Earl Fowlkes, CEO of the D.C.-based Center for Black Equity, was among the black leaders condemning Trump for his latest tweet.
“It’s unfortunate that Thump would evoke a term which has such a painful connotation for African-Americans to describe his self inflicted political missteps,” Fowlkes said. “Trump’s blatant disregard for the rule of law is the core of his alleged ‘suffering.'”
Trump invocation of lynching recalls a similar comment now-U.S. Associate Justice Clarence Thomas made in 1991 during his confirmation process, which was marred by allegations of sexual misconduct from Anita Hill.
Faced with the threat of losing Senate confirmation, Thomas testified the process was a “high-tech lynching for uppity blacks.” Thomas was ultimately confirmed on a narrow basis.
John Banzhaf, a law professor at George Washington University, said in a statement Trump and Thomas both made “clear distortions” of lynching, but Trump’s tweet may similarly be helpful to the U.S. president.
“Unfortunately, in our time of increasingly divisive politics and words, powerful but deplorable language may be effective for Trump, at least in the sense that it is more likely to bring him sympathy and support rather than condemnation, especially among those he is counting on to re-elect him as president in 2020,” Banzhaf said.
One exception to black LGBT leaders condemnation of Trump was Rob Smith, a gay black conservative political commentator and member of the pro-Trump group Turning Point USA.
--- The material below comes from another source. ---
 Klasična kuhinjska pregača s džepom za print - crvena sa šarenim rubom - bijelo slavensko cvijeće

Smith told the Washington Blade “the same do-nothing ‘leaders’ seeking to create moments for themselves over an inarticulate tweet” had nothing to say last year about Trump signing into the law the First Step Act.
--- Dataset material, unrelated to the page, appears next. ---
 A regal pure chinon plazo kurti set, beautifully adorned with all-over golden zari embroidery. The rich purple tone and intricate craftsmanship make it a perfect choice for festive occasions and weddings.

“I have spent time lobbying on Capitol Hill to get the First Step Act passed,” Smith said. “I have talked to the African-Americans whose lives were changed by that legislation. I have been in the East Wing of the White House when the president addressed hundreds of young African-Americans and brought one Somali-American immigrant onstage to lead a prayer. When you have seen actual change, you become less concerned with a tweet, as ill-advised as it may be.”
The First Step Act has released an estimated 3,000 prisoners who were incarcerated for nonviolent crime, 91% of whom were black.
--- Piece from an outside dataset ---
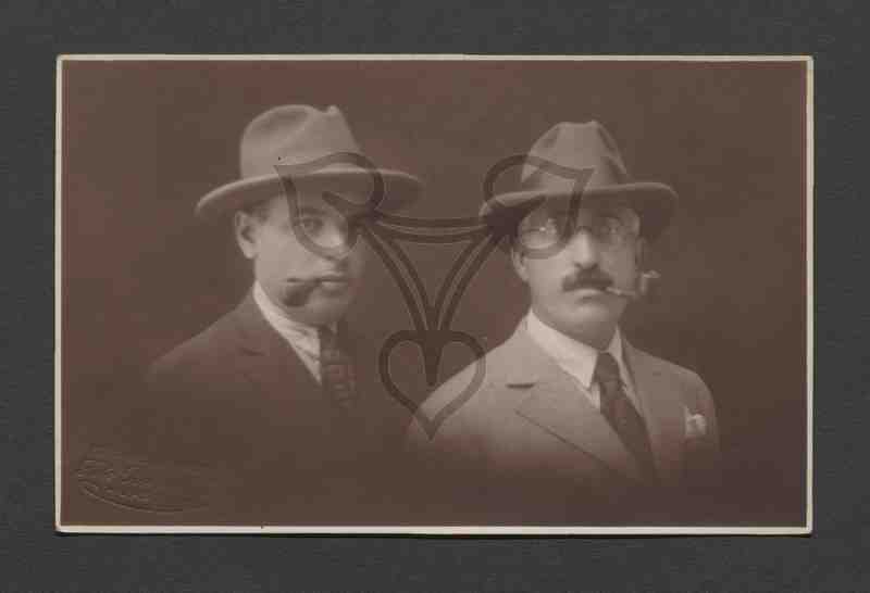 Studioaufnahme, neutraler Hintergrund. Halbbrustporträt. In der unteren linken Ecke der Prägestempel des Fotografen.

Smith accused civil rights leaders of being pre-occupied with Trump’s Twitter account and not working to advance their communities.
“I’m not particularly interested in the comments of pseudo-leaders who aren’t interested in doing anything to truly help Black or Gay and Lesbian America on a national level when a Democrat isn’t in office,” Smith said. “And that includes any hacks from GLAAD, HRC or GetEqual who have shared their ‘thoughts.’”
Republican lawmakers in Congress largely distanced themselves from Trump’s tweet.
House Minority Leader Kevin McCarthy (R-Calif.) said “that’s not the language I would use,” Sen. John Thune (R-S.C.) said the tweet was “inappropriate in any context” and Rep. Jim Jordan (R-Ohio), a staunch Trump defender, sought to justify the tweet by saying “the president’s frustrated.”
One exception was Sen. Lindsey Graham (R-S.C.), a one-time Trump critic who has become a stalwart Trump defender. Asked about the comment, Graham said, ‘This is a lynching in every sense. This is un-American.'”
Nadine Smith, who’s black and executive director of Equality Florida, drew on a conspiracy theory in her condemnation of Trump’s tweet: The president is blackmailing Graham.
“It is not surprising Trump has used the term lynching to inflame and distract from self-inflicted charges of corruption and possible treason,” Smith said. “Racism is the centerpiece of his appeal to his diehard base. I find the silent cowards and lapdog defenders in his party to be even more appalling. He must have all the dirt on Lindsey Graham.”